RAW DATA =>

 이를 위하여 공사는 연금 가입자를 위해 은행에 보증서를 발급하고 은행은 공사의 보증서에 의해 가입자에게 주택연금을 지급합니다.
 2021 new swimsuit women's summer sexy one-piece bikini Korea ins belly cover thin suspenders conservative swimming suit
...
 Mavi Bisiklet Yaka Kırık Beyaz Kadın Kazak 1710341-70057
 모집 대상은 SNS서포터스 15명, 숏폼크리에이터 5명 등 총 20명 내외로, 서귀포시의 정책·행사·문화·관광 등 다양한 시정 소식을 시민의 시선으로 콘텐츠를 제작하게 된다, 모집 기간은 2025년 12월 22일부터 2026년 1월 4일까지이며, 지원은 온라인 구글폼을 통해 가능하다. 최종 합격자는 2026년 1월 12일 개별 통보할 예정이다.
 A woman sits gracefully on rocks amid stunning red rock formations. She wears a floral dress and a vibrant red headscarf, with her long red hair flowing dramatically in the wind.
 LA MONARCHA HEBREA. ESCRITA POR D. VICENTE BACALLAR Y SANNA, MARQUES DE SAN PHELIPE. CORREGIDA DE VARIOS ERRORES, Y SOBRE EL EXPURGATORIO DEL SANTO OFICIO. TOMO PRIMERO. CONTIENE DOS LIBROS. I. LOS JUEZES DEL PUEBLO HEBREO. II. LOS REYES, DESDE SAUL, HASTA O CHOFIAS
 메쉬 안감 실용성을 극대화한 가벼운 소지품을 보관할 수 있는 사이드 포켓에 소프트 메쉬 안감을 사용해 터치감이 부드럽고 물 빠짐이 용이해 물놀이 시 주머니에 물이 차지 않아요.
* * *
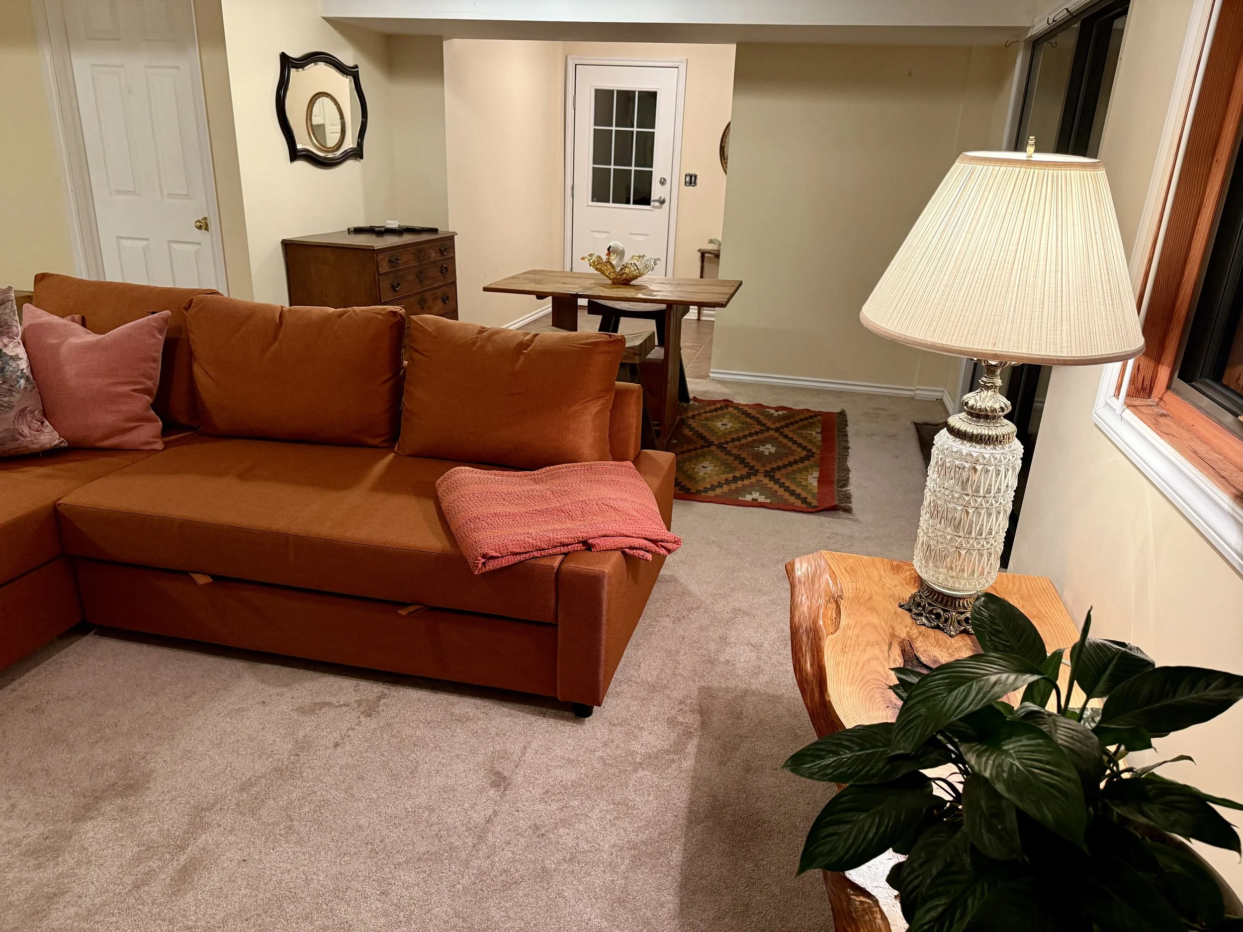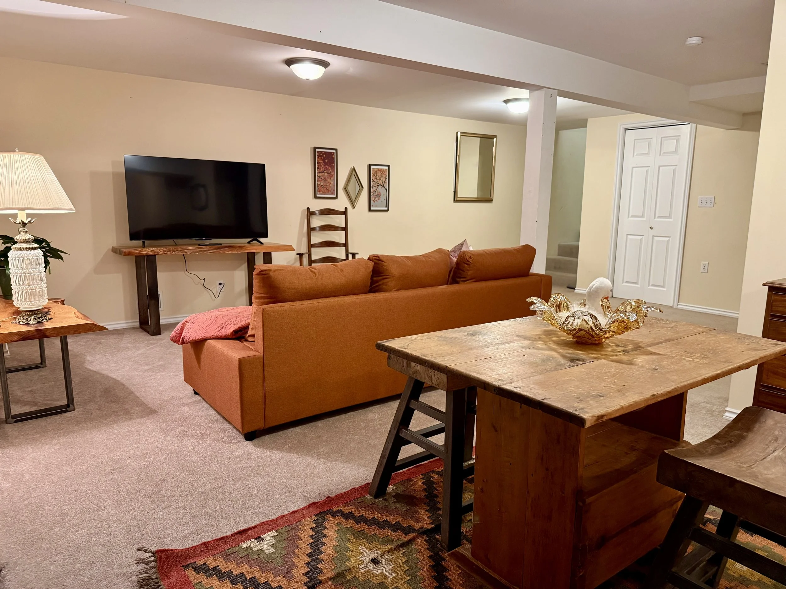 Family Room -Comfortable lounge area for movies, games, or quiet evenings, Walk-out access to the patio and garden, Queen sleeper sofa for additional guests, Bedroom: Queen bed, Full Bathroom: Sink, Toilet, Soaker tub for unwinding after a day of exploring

AIM OF THE EXERCISE =>
Take from the material above the lines running from the one with "모집 대상은 SNS서포터스" through the one with "A woman sits", and repeat them exactly, with nothing else.

RESPONSE =>
 모집 대상은 SNS서포터스 15명, 숏폼크리에이터 5명 등 총 20명 내외로, 서귀포시의 정책·행사·문화·관광 등 다양한 시정 소식을 시민의 시선으로 콘텐츠를 제작하게 된다, 모집 기간은 2025년 12월 22일부터 2026년 1월 4일까지이며, 지원은 온라인 구글폼을 통해 가능하다. 최종 합격자는 2026년 1월 12일 개별 통보할 예정이다.
 A woman sits gracefully on rocks amid stunning red rock formations. She wears a floral dress and a vibrant red headscarf, with her long red hair flowing dramatically in the wind.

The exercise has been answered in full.